Wednesday, May 20, 2009

Crash Course

Last week, the weekly ZOOM'D Leadership Radio Show (arranged by Avastone Consulting) featured an fascinating interview with Chris Martenson, 45-year-old visionary who willingly quit his former high-paying, high-status job at an international Fortune 300 company, because it seemed like an unnecessary diversion from the real tasks at hand. Chris writes and lectures about current and future events according to a body of orignal work that he calls the Crash Course.

I have considered the lectures of many analysts and visionaries each of whom have concluded that we're screwed, meaning that the economic, environmental and social order that we currently enjoy is doomed. The best of these have girded their cases by weaving together numerous contemporary trends into a big picture.
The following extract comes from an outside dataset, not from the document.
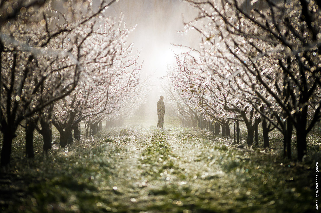 Зацветающие абрикосовые деревья, покрытые тонким слоем льда для защиты от заморозков в саду в Саксонии

By taking a wholistic view, they overcome the reductionist tendencies of mainstream analysts and “experts,” presenting fresh evidence to suggest that any effort—no matter how great—will fail in restoring and maintaining the status quo many of us enjoyed only a few short months ago.
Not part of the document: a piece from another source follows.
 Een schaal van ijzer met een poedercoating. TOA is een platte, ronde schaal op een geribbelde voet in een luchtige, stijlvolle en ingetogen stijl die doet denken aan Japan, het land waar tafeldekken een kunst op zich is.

The party's over, they say.

With this, Chris Martenson dives into this doomer genre with clarity and hope. His Crash Course excels at identifying and describing in easy-to-understand terms certain trends—in energy, financial capital, and human population—that make the current situation so unique and pivotal in determining our future. We are at a confluence of nonlinear trends that are linked to each other.
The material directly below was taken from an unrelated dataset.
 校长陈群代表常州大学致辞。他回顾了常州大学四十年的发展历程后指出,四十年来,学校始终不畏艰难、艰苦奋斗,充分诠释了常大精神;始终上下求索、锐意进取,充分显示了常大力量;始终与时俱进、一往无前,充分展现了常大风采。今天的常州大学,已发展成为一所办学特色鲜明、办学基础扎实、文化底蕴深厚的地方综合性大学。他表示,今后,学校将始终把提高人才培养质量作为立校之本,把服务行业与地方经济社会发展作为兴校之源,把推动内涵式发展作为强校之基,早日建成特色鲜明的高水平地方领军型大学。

He deserves special credit for his recognizing the primacy of human population growth amongst these trends, something often overlooked by others. How else could we overlook the significance of there being more humans alive today than have ever lived—cumulatively—since the dawn of Homo Sapeins Sapiens over 120,000 years ago?

Eight years ago, I realized that the party was nearly over and wracked my brain to find a way to show the “big picture” for all to easily see. I envisioned a set of line graphs depicting time-based trends, showing the “hockey stick” inflection points portending imminent consequences. With each of these graphs—for human population growth, the economy, global temperatures, species extinctions, natural resource depletions—there would be an arrow pointing to the present day at or near the inflection point, with an overall title “You are here.”

Somehow, I could not find and assemble the data needed to fit this concept. In Crash Course, Martenson nails it!

His outlook for the future is pragmatically hopeful. First, we should all agree that our world has changed dramatically and irrevocably to the extent that there is little possibility of restoring that which we previously considered to be “normal living.”  

The next twenty years will be unlike the previous 20 years.

With this come two essential realities: that the age of economic growth fueled by mass consumerism is over. We cannot borrow-and-buy our way out of this mess, including the “innovative” methods of Wall Streeters that turned our global banking system into a casino.

Also, economic growth is subject to limits imposed by natural, earth-based systems. All human activity is ultimately governed by the availability of energy, clean air, fresh water, healthy soil, viable fisheries, and so on. These systems have a finite capacity to provide us what we need, and so goes our aspirations for growth: finitely.

We therefore are faced with a future quite different from our past experience. We can either shape it according to these realities, or we can have our future dictated to us by the physical world.  

In Crash Course, Martinsen states that we have all the knowledge and technologies we need to create a better future for ourselves, and the only thing we currently lack is the political will to do so. It's not hard to see where we stand politically, judging by way that the Government's efforts to “recover” from the current recession/depression are largely focused on restoring the status quo: bailing out the multinational banks and the automobile companies.

Politically, we have not addressed the realities.

On this point, Crash Course, comes up short. Our political preoccupations are merely a reflection of more powerful barriers to meaningful change. In Martinsen's finely-reasoned treatise he does not uncover the root causes of our problems, and therefore his recommended actions sound tired and weak.

To develop an effective strategy, we need to understand how we got into this mess. This is where the New Renaissance can help.

More on that soon...

1 comment:

  1. Bravo on this post. I learned about Chris Martenson just a few months ago, and have already become a great fan of his work. I did not know about his personal background -- that is fascinating. Since learning about him, I've seen his name pop up several times on varous forums.